[DIRECTIONS]:
Would you reproduce exactly, and only, the lines starting at the one with "çıkarıldığı stadyumda dinlenebilecek." and ending at the last line of the data, with both included? Leave the pictures out.
*** SOURCE DATA Section Begins ***
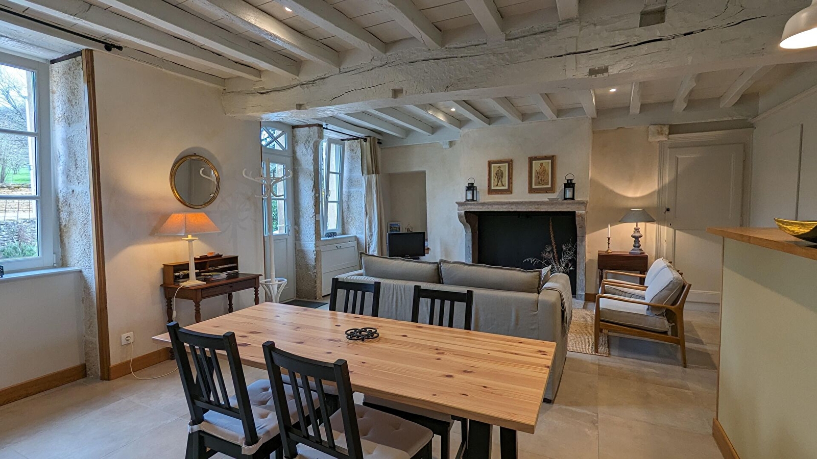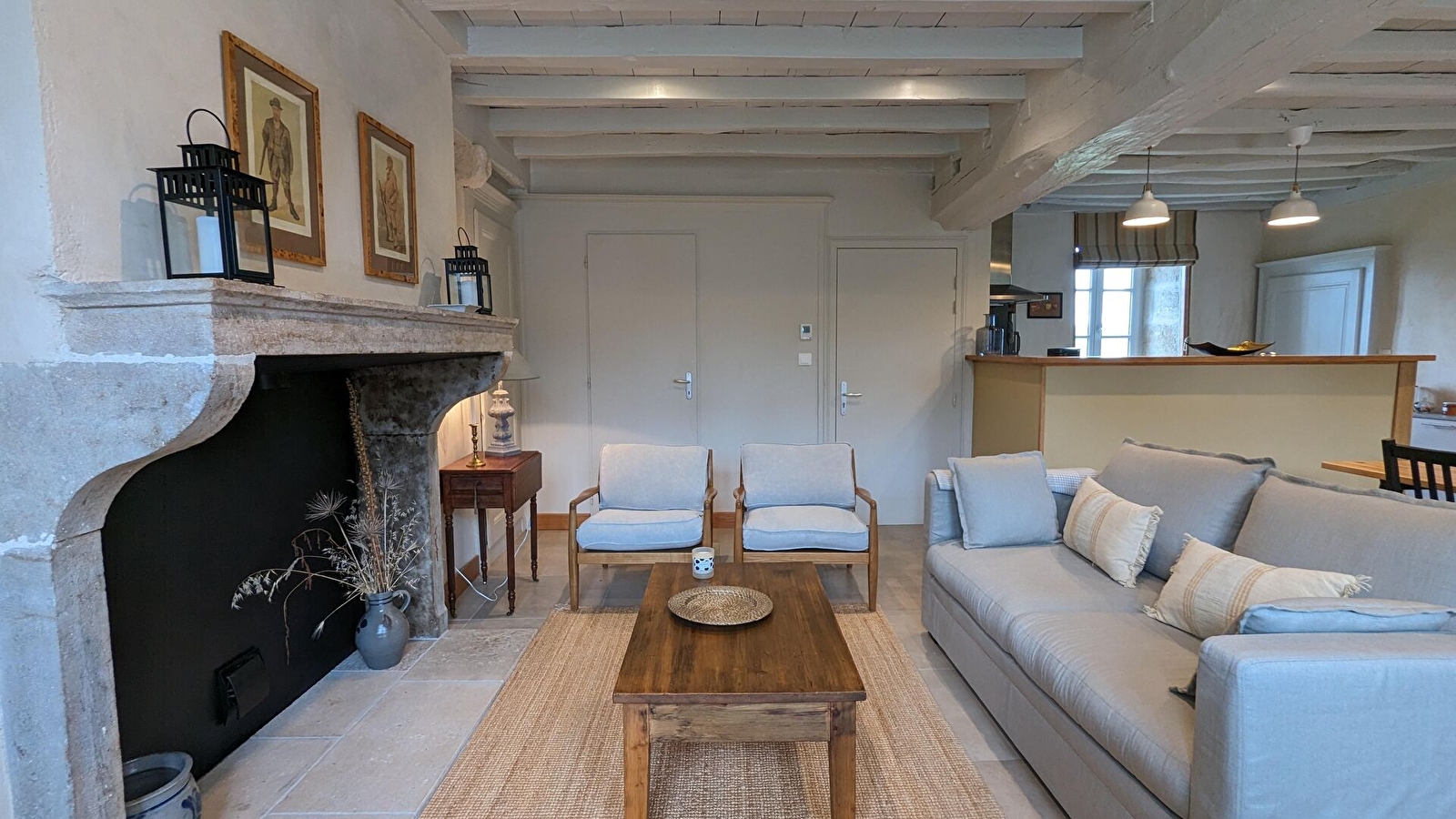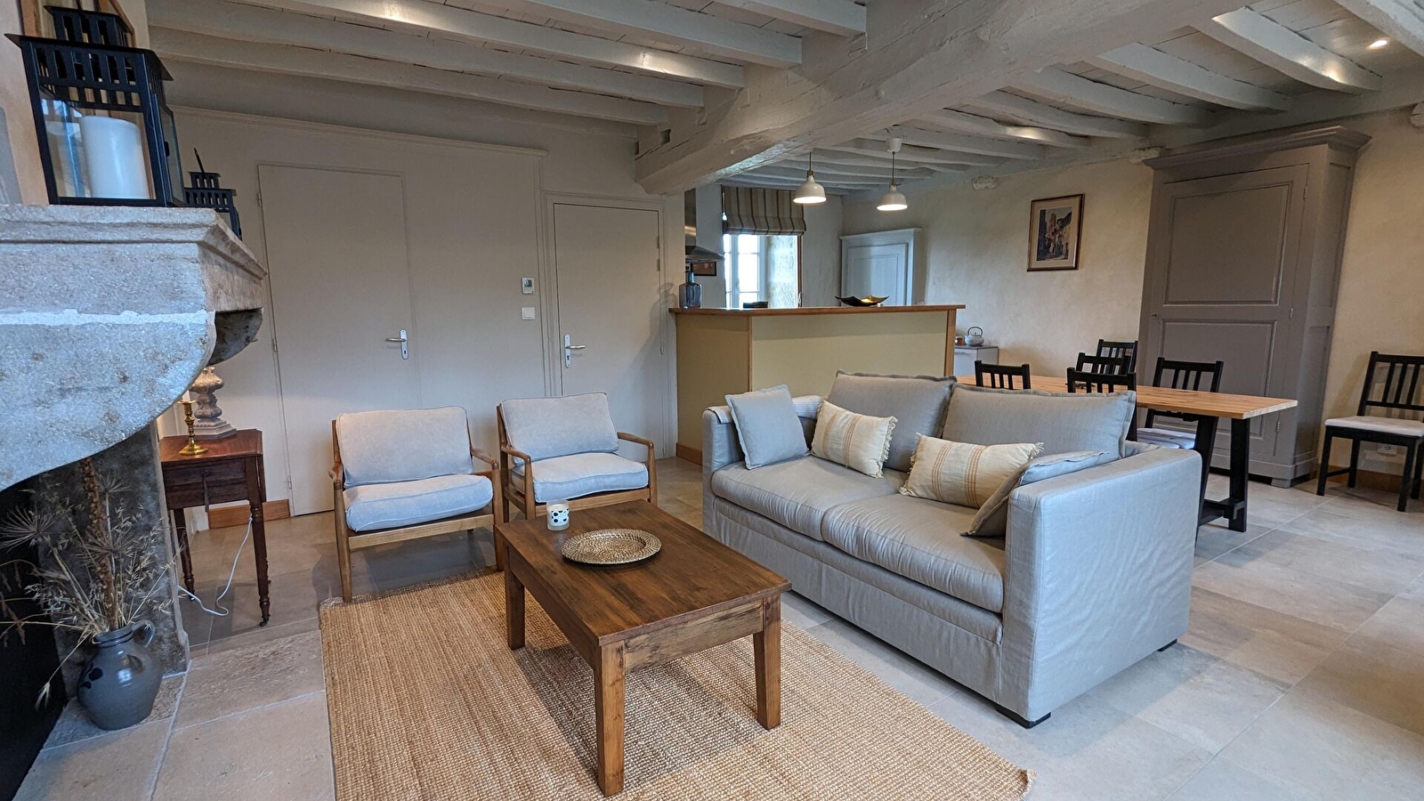 Au coeur de la campagne bourguignonne, l'ancienne ferme du château du 19ème siècle, rénovée, complètement indépendante, vous accueille pour un séjour reposant en famille ou entre amis. Rez-de-chaussée surélevé avec jolie vue sur la nature environnante : beau séjour avec espaces salon avec poêle à granulés, salle à manger et cuisine équipée. 2 chambres avec parquet : l'une avec un lit 160 et l'autre avec 2 lits 90 jumelages. Elles ont chacune un accès indépendant et communiquent également par la salle d'eau, centrale aux 2 chambres. WC séparé avec lavabo et machine à laver.
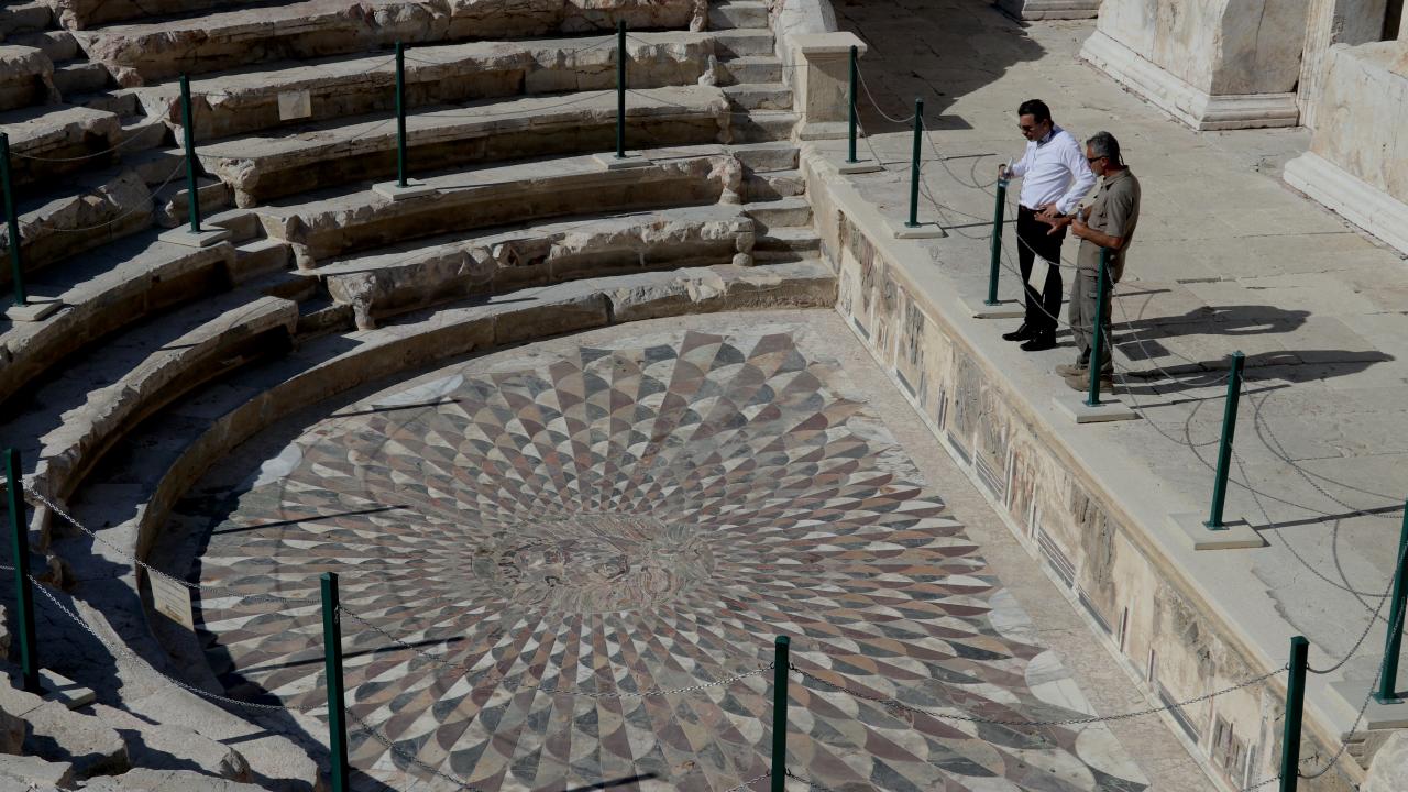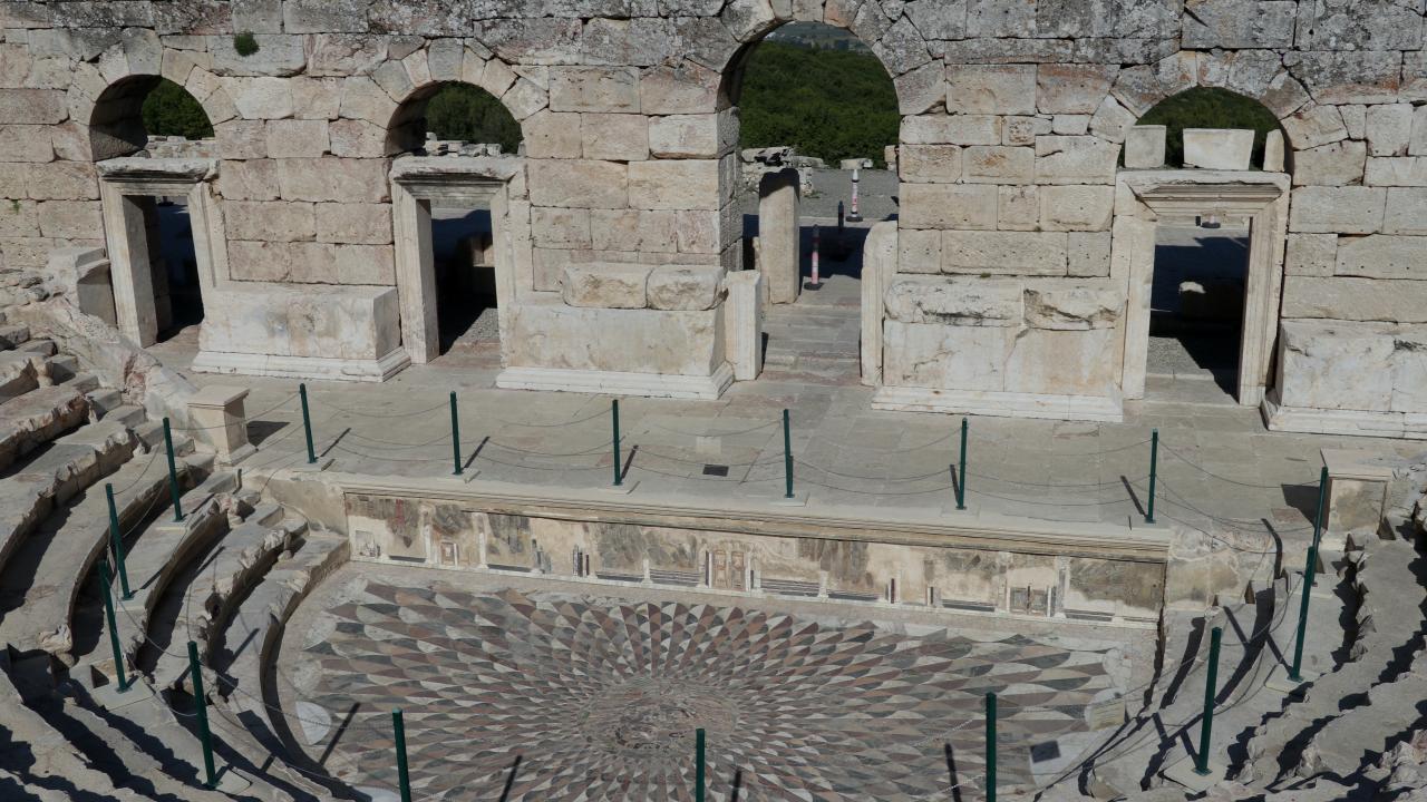 Kibyra`ya gelenler de kentin 3. terasında bulunan 168`i orijinal, 192 mimari bloktan oluşan iki havuzuna su dolan anıtsal çeşmenin etrafında dolaşıp, yapım tekniği açısından eşsiz medusa mozaikli odeonu görüp, Türkiye`de antik döneme ilişkin en uzun gladyatör frizlerinin çıkarıldığı stadyumda dinlenebilecek.
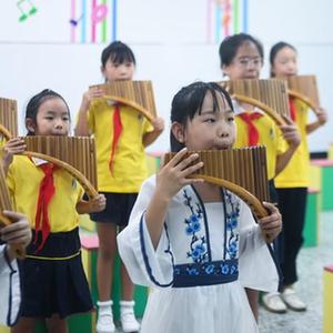9月6日,杭州市舜天樂(lè )器廠(chǎng)的排簫藝人郭新明在給板橋鎮板橋小學(xué)的學(xué)生上排簫課。該校結合當地竹笛樂(lè )器廠(chǎng)資源豐富的特點(diǎn),開(kāi)設了排簫課、葫蘆絲課、竹笛課等,引導孩子們學(xué)習和傳承中國傳統樂(lè )器。
*** SOURCE DATA Section Ends ***
[ANSWER TO THIS TASK]:
 Kibyra`ya gelenler de kentin 3. terasında bulunan 168`i orijinal, 192 mimari bloktan oluşan iki havuzuna su dolan anıtsal çeşmenin etrafında dolaşıp, yapım tekniği açısından eşsiz medusa mozaikli odeonu görüp, Türkiye`de antik döneme ilişkin en uzun gladyatör frizlerinin çıkarıldığı stadyumda dinlenebilecek.
9月6日,杭州市舜天樂(lè )器廠(chǎng)的排簫藝人郭新明在給板橋鎮板橋小學(xué)的學(xué)生上排簫課。該校結合當地竹笛樂(lè )器廠(chǎng)資源豐富的特點(diǎn),開(kāi)設了排簫課、葫蘆絲課、竹笛課等,引導孩子們學(xué)習和傳承中國傳統樂(lè )器。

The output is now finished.